# Your instructions
Your answer must be the exact lines below, starting with the line with "Aliment pour Chat MIGLIO GATTO 405 g" and going on through the line with "ハンドフリークランピングにより両手が自由に使えます", both included, with no pictures.

# Material provided
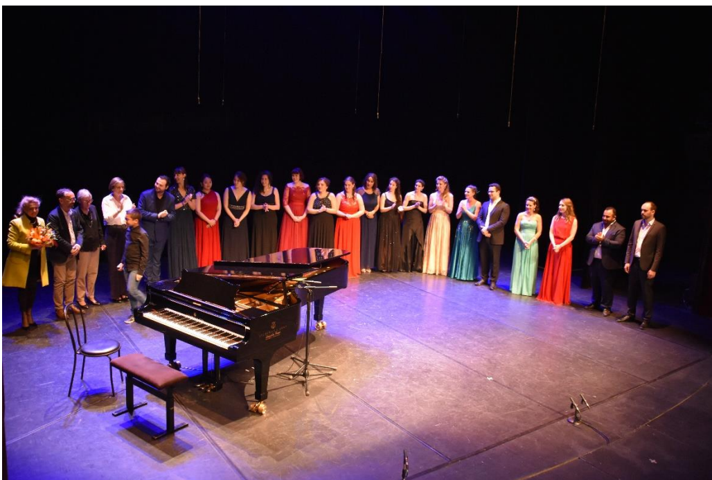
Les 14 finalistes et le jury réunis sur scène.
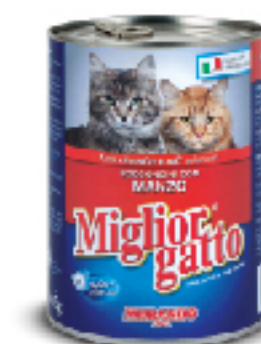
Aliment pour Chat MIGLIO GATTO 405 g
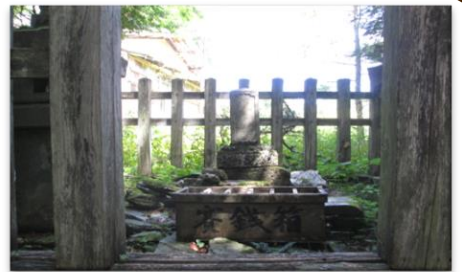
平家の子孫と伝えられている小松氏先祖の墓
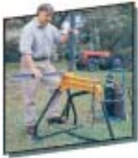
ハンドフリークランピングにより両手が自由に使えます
--
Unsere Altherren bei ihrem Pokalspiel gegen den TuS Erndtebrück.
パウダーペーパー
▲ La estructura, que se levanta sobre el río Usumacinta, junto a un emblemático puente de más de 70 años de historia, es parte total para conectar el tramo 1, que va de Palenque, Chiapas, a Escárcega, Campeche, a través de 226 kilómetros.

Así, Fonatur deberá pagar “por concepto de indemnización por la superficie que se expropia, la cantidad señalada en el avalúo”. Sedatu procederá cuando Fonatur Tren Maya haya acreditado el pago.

# Expected answer
Aliment pour Chat MIGLIO GATTO 405 g
平家の子孫と伝えられている小松氏先祖の墓
ハンドフリークランピングにより両手が自由に使えます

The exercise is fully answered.